Open hosseinfani opened 3 years ago
How can I properly read the pickle in a text form? I'm a bit confused about how to manipulate the result of pickle.load(). If I simply use print(np.matrix(teams))
from numpy
it gives blank result.
here is the code I've been practicing, I put it in the same folder with pickled data, and import it. https://github.com/Pax636/4990_IMDB/blob/main/readpkl.py
Thank you,
Hi, Seems the problem is with the file or the code that created the pickle file is old. I will send you an updated pickle file.

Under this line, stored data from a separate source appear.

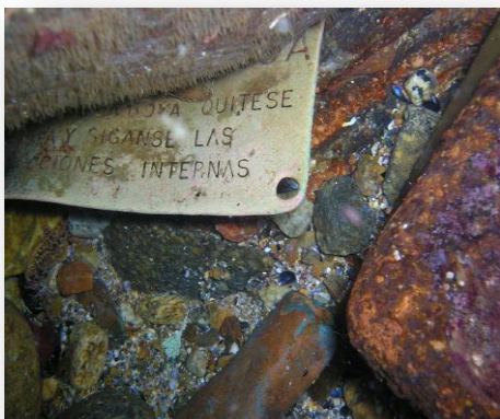
Placa en español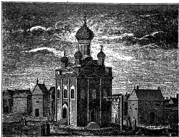
Площадь въ Москвѣ въ концѣ XVII столѣтія.

ныхъ сбереженій. Полна была и государственная казна. Извѣстный келарь Авраамій Палицынъ свидѣтельствуетъ, что во время трехлѣтняго неурожая при Борисѣ Годуновѣ большіе запасы стараго хлѣба сохранились у многихъ хозяевъ и этими запасами населеніе кормилось въ теченіе всего смутнаго времени, когда всякая хозяйственная дѣятельность была почти совсѣмъ прекращена. Вообще же количество обрабатываемой земли въ то время было очень невелико. Земли было много, людей мало.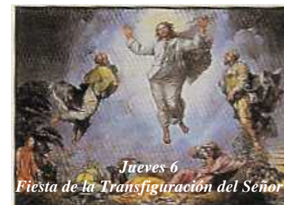
Jueves 6 Fiesta de la Transfiguración del Señor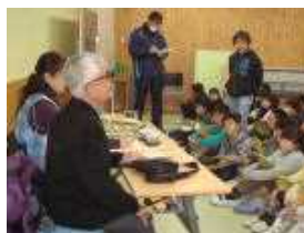
4年視覚障がい者の方の話

しいたいて、学習活動を進めることができました。おかげで、子どもたち一人一人の学びに広がりや深まりをもたせることができました。また、読み聞かせや放課後教室なども2月で最終回を迎えましたが、改めてたくさんの皆様のご支援に感謝いたします。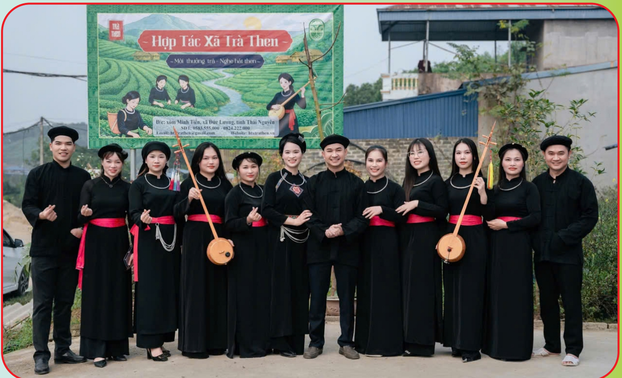
Ra mắt HTX Trà Then và Câu lạc bộ hát Then xã Đức Lương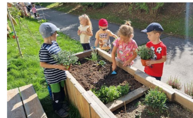
...a v září těmi podzimními.

@Pax636 I checked the files. they're ok. Make sure you're using the files in the following path:
https://github.com/fani-lab/neural_team_formation/tree/main/data/preprocessed/dblp/toy.dblp.v12.json
Hi, @hosseinfani
Do you know what might causes a problem of 'ModuleNotFoundError: No module named 'cmn'
, when trying to call pickle.load()
Thanks,
Hi @Pax636
the teams.pkl is the objects that are serialized into binary. The class definition of the objects are in the cmn
.
You don't need to open this file. You need the sparse matrix teamsvecs.pkl
and probably indexes.pkl
How to split a range of row numbers into three parts randomly:
https://www.malicksarr.com/split-train-test-validation-python/ https://github.com/fani-lab/neural_team_formation/blob/daf2a93753175bbb8b5d2d83e4ae6c4f6655a822/src/main.py#L13
Our code generate the pairs of (skill => member) as a dataset from ./data/preprocessed/dblp/toy.dblp.v12.json/teamsvecs.pkl
The code is here https://github.com/Pax636/4990_IMDB/blob/main/rpk.py
The results are src-test.txt
and tgt-test.txt
:
We haven't test the code on the large dataset, and don't know where to find the complete dataset. Would you mind providing the source about it?

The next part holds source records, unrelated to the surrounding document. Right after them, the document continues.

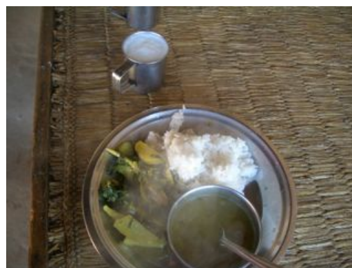
ステイ先の食事（ダルバート）

2 本の植樹をする為に山をかなり登った。どこまで登るの…と何度も思わせるほど山に登った。岩・石だらけのため、穴を掘るのもやっと。何万本植えることはかなり困難を要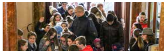
De nombreuses photos sont à découvrir sur la page Facebook de Xertigny !

ce sont 465 personnes qui sont venues relever les défis proposés par le CMJ afin de trouver le meurtrier, l'arme du crime et le lieu où il s'est produit ! L'animation fut un franc succès et a créé un engouement tel que certains visiteurs ont dû attendre à l'extérieur de la mairie afin de réguler le flux ! Après avoir fait chauffer leurs méninges, tous les participants ont pu partager une bonne collation en fin d'après-midi !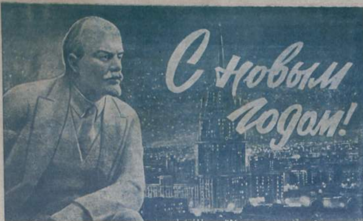
Плакат издательства «Московская правда».

Снежная десница, Бело-вьюжный клей Льется на ресницы Смуглых тополей. Мчится вихрем тройка, Синяя вуаль. Эй, ямщик, стой-ка, Иль коней не жаль? Пусть метель не злится, Полная угроза: Мчатся в колеснице Добрый Дед Мороз. Новый Год в ракете Облетает мир, Календарным светом Блещет из квартир. Старый год уходит С сединой в усах, Реет в хороводе Лунная коса. В ворохе событий Рвется из груди: «Здравствуй, Год-строитель! Доброго пути!»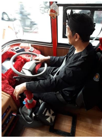
Gambar 3. Dashboard Bandros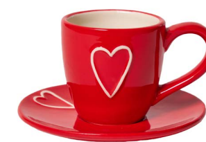
Cod: CK 050/Rs Des: Tazza da caffè con cuore rossa Note: piattino 12x12; tazzina 10x6x7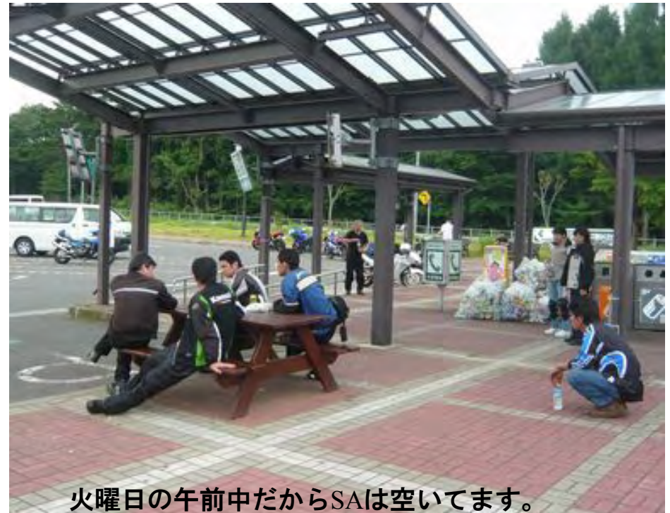
火曜日の午前中だからSAは空いてます。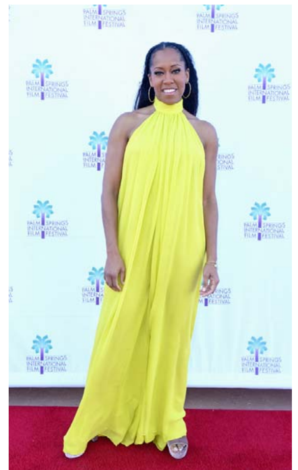
Sólarmegin í gulum kjól á kvikmyndahátíðinni Palm Springs International Film Festival í janúar 2019.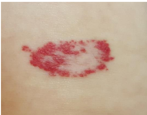
Slika 4. Involucijska faza površnog hemangioma djetinjstva

Tipično vrijeme pojave hemangioma djetinjstva je unutar prva 4 tjedna života. Proliferativna faza može trajati do kraja prve godine života djeteta premda njihov rast počinje između 1. i 2. mjeseca života. Površni hemangiomi 80% svoje veličine dosežu do 3. mjeseca, a kod većine rast je završen oko 5. mjeseca života. Otkrivaju se lokaliziranim bljedilom kože ili makularnim teleangiektatičnim eritemom. Proliferacijom endotelne stanice hemangiom raste, podiže se iznad razine kože i dobiva svoj karakterističan izgled. Tijekom tog procesa hemangiomi često imaju blijedu zonu koju ih okružuje te dilatirane okolne vene. Duboki hemangiomi otkrivaju se nešto kasnije i rastu nešto duže od onih površnih (slika 4).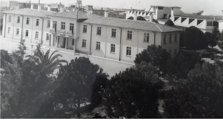
Dokuma Fabrikası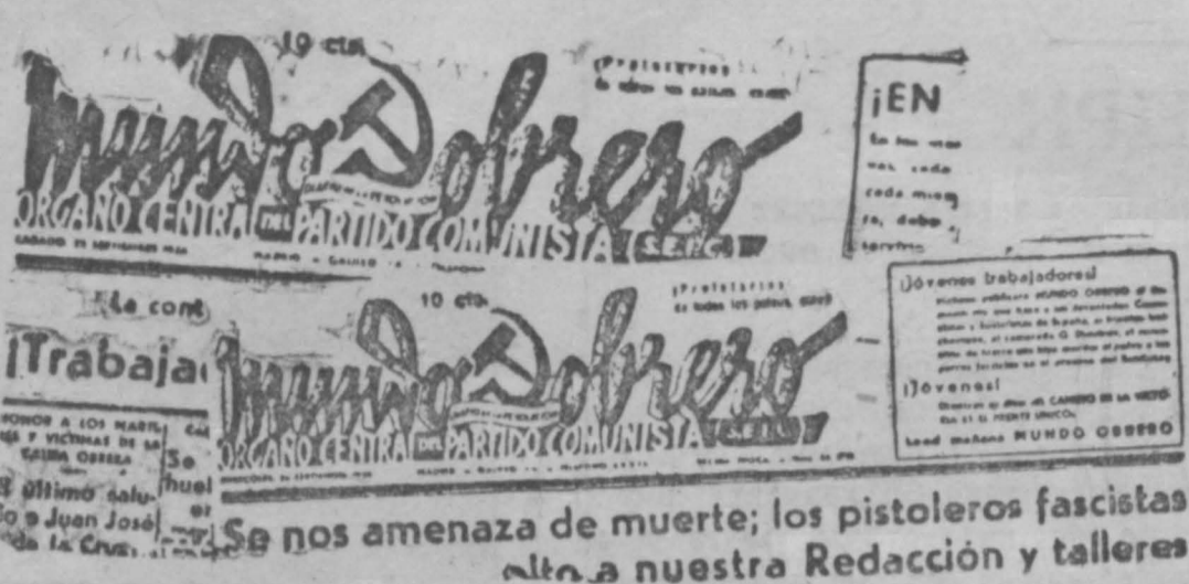
Орган испанской компартии 'Мундо обреро' со статьей т. Димитрова

В Саламанке вооруженные рабочие вступили в перестрелку с полицией. В деревне Саберо восставшие крестьяне сражаются с правительственными войсками. Всеобщая стачка продолжается во всей Испании. В Мадриде ходят только отдельные трамваи и автобусы с охраной вооруженных полицейских. Рабочие с исключительной дисциплиной проводят стачку наметая на улицах привидения. Только по официальным данным в Мадриде арестовано свыше 2 тысяч человек. Сегодня начинает заседать в Мадриде 62 военных трибунала, имеющих право выносить смертный приговор за политические преступления. Также же суды начали действовать в провинциях.

Now we are working on splitting the src-test.txt
and tgt-test.txt
.
successfully splitting the file, then got stuck on adding content to specific row in newly created src.train.txt
file. Problem occurs at line 129 from https://github.com/Pax636/4990_IMDB/blob/main/split.py
A result of splitting src-test.txt
:
@Pax636
Let's call src-test.txt
and tgt-test.txt
=> src.dataset.txt
and tgt.dataset.txt
Then split them into three subsets:
1) src.train.txt
and tgt.train.txt
2) src.valid.txt
and tgt.valid.txt
(I think opennmt needs this, right?)
3) src.test.txt
and tgt.test.txt
About the last picture, why did you split into test1 and test2? Also, the second line of logs shows the index of the numbers, right? If so, you don't need them.

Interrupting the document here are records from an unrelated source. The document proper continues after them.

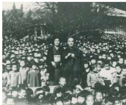
▲昭和13年の帰郷時の様子（垂水小学校で講話をされた。）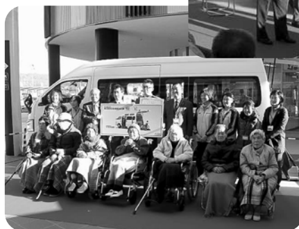
みんなで記念撮影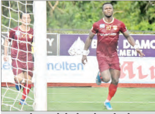
ဒုတိယနေရာတွင် ရပ်တည်နေသည့် ဧရာဝတီအသင်း။

ရန်ကုန် စက်တင်ဘာ ၉ ချန်ပီယံဆုအတွက် ပြိုင်ဆိုင်မှုပိုမိုပြင်းထန်လာတော့မည့် ၂၀၂၀ ရာသီ MNL အမှတ်ပေးပြိုင်ပွဲ ပွဲစဉ်(၁၅)ကို စက်တင်ဘာ ၁၁ ရက်နှင့် ၁၂ ရက်တို့တွင် ဆက်လက်ကျင်းပမည်ဖြစ်သည်။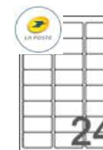
LR7159-100 63,5 x 33,9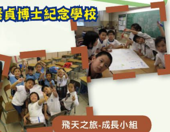
飛天之旅-成長小組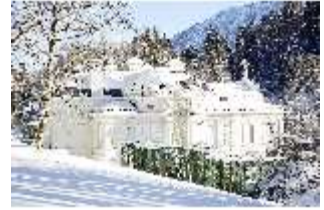
Lin.V, Laubengang und Hauptschloss verschneit, DI007358, BSV-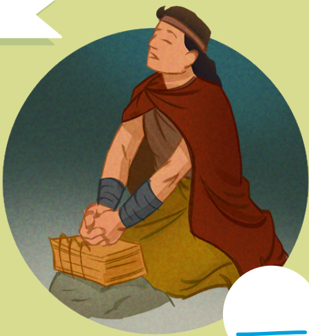
6. 摩罗乃（教义和圣约128：20；约瑟·斯密——历史1：30-34）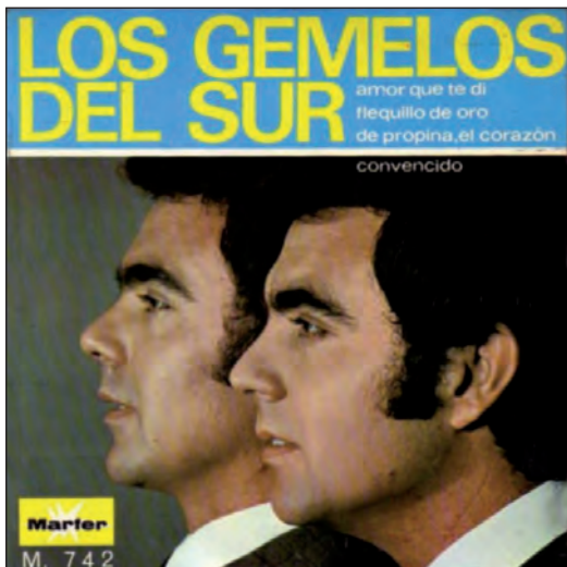
Los Gemelos del Sur (22/09/1969)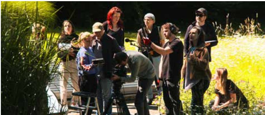
Hinter den Kulissen beim Filmdreh auf der Freizeitwiese an der Aist

Die Crew der Dokumentarfilmproduktion „Die Frauen von Friedegg“ war heuer für Dreharbeiten regelmäßig in Schwertberg und Umgebung zu Gast.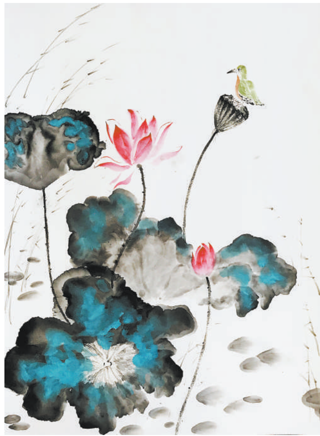
国画作品《荷》郭海燕(工会)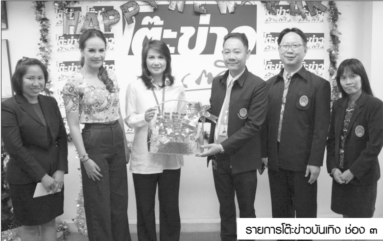
รายการโต๊ะข่าวบันเทิง ช่อง ๓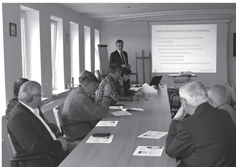
Spotkanie informacyjne w ramach konsultacji społecznych 16 maja 2017 r.

W urzędzie gminy jak i na stronie internetowej w zakładce „Gminny Program Rewitalizacji” przez cały czas konsultacji dostępne były Ankiety,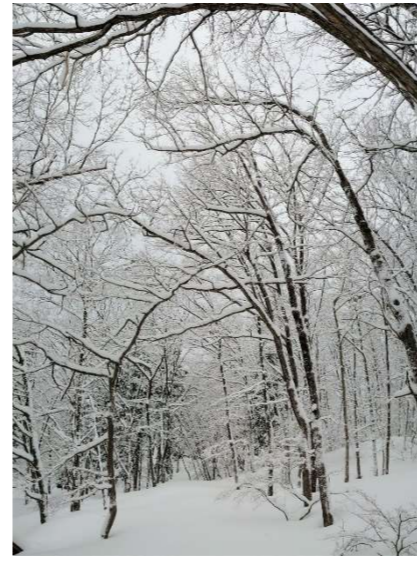
03 管理用道路 コナラ樹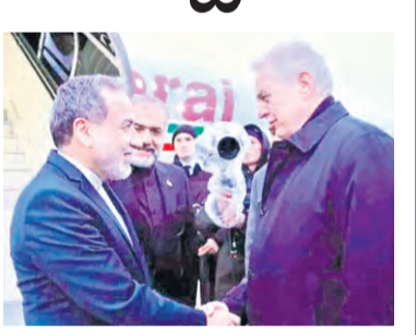
ఇరాన్ పై అమెరికా-ఇజ్రాయెల్ దురాక్రమణను నిలిపివేయడం, భవిష్యత్తులో ఇక దాడులు జరగకుండా ఆ రెండు దేశాల నుండి ఇరాన్ ఒక భద్రతాహామీ పొందడం, రెండవ దశ చర్యల్లో ఇరాన్-ఒమన్ దేశాల రెండూ సమస్యలు భాగస్వామ్యంతో హోర్నుజ్ జలసంధిని నిర్వహించేందుకు వీలుగా సమస్య పరిష్కారం, జలసంధిని రాకపోకలకు తెరిపించడం, ఈ రెండు దేశాల కలిసి హోర్నుజ్ జలసంధిని నిర్వహించడానికి ఒక న్యాయపరమైన నిబంధనల చట్టాన్ని రూపొందించడం. ఈ రెండు దశల చర్యల్లో ఈ అంశాలన్నీ పరిష్కారమైన తర్వాత ఇక చివరి మూడోదశ చర్యల్లో మాత్రమే ఇరాన్ కు సంబంధించిన అణు పదార్థం, అణుయుద్ధ సమస్యపై చర్యలు కొనసాగాలని, ఈ రెండుదశల చర్యలు పూర్తయ్యే వరకు ఇరాన్ కు ఇచ్చే అణు పదార్థంపై చర్యలు అణుపదార్థంపై చర్యలు

● అమెరికాకు చేరిన మూడు అంశాల ఇరాన్ కొత్త ప్రణాళిక ● తొలిదశలో అణు ఒప్పందం లేకుండా హోర్నుజ్ తెరవాల్సి ● దురాక్రమణ దాడుల నిలిపివేత-భద్రత హామీ ● ఇరాన్-ఒమన్ ఉమ్మడిగా హోర్నుజ్ నిర్వహణ ● చివరి దశలోనే అణుపదార్థంపై చర్య ● ఒప్పందం చేసుకోవాలని చర్యలు ఘర్షణ : ఇరాన్ ప్రకటన

About splitting the actual content based on these numbers, you can read the actual src.dataset.txt and tgt.dataset.txt into a panda's dataframe and pass the numbers in each split as an index to iloc. For example:
import pandas as pd
train_split_idx = [1,5,15, 19]
df_src = pd.read_csv('src.dataset.txt')
df_train = df_src.iloc[[train_split_idx]]
df_train.to_csv('src.train.txt')
About test1 and test2, I thought we need to split src-test.txt
into a structure like,
https://www.malicksarr.com/split-train-test-validation-python/ also mentions that: there are three parts(train, test, and validation sets).
The second line of logs if you mean these lines,
They are rows of indexes of skills in src-test.txt
, I put it all in an array,
What I was doing was putting indexes of skills
into one array and having another array of ids
, then splitting them together with train_70X, test_30X, train_70Y, test_30Y= train_test_split(id, skill, train_size=0.7, random_state=7, shuffle=True)
to remember the index of rows, and put it back into 3 separate text files later.
I will try to use panda's data-frame since it can read data directly from text file, src-test.txt
Thanks,
@Pax636 You did right but the main file is the dataset file:
About the second part of your message, you don't need to do so. Yes, try the pandas.DataFrame and pass the randomly splitter rowids to it. It selects those rows only. here is an example:
We have finished our code for splitting the src.dataset.txt
, here is the code, https://github.com/Pax636/4990_IMDB/blob/main/split.py
The three files are like these:
First of all, we need to split the dataset to three parts of train, test, and validation sets.
Then based on your suggestions of pandas, we can collect the id and indexs of skills of full dataset.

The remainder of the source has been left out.